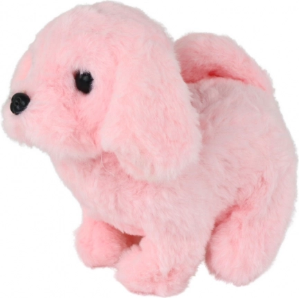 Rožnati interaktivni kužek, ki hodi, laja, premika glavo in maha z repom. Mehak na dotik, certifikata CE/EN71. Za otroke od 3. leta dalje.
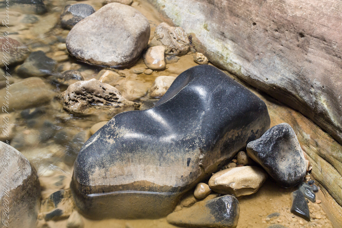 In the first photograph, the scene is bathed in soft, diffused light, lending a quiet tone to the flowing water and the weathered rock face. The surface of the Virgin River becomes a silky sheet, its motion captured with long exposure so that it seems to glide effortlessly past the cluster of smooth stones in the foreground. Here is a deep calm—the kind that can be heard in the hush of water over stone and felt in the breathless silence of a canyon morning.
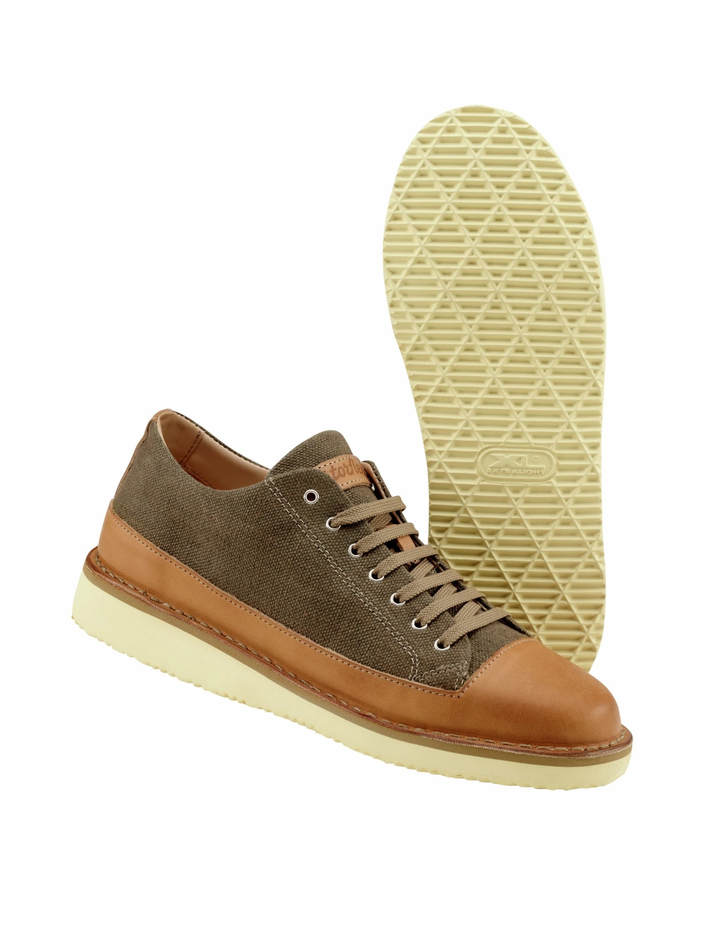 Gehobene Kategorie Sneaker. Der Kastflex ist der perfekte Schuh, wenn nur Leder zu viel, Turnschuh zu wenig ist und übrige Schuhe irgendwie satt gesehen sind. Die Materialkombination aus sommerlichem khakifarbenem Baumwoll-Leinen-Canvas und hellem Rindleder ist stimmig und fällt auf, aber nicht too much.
· · ·
**WHAT YOU ARE ASKED TO DO:**
Output the full listing verbatim; pictures stay out.

**OUTPUT BELOW:**
 Rožnati interaktivni kužek, ki hodi, laja, premika glavo in maha z repom. Mehak na dotik, certifikata CE/EN71. Za otroke od 3. leta dalje.
 In the first photograph, the scene is bathed in soft, diffused light, lending a quiet tone to the flowing water and the weathered rock face. The surface of the Virgin River becomes a silky sheet, its motion captured with long exposure so that it seems to glide effortlessly past the cluster of smooth stones in the foreground. Here is a deep calm—the kind that can be heard in the hush of water over stone and felt in the breathless silence of a canyon morning.
 Gehobene Kategorie Sneaker. Der Kastflex ist der perfekte Schuh, wenn nur Leder zu viel, Turnschuh zu wenig ist und übrige Schuhe irgendwie satt gesehen sind. Die Materialkombination aus sommerlichem khakifarbenem Baumwoll-Leinen-Canvas und hellem Rindleder ist stimmig und fällt auf, aber nicht too much.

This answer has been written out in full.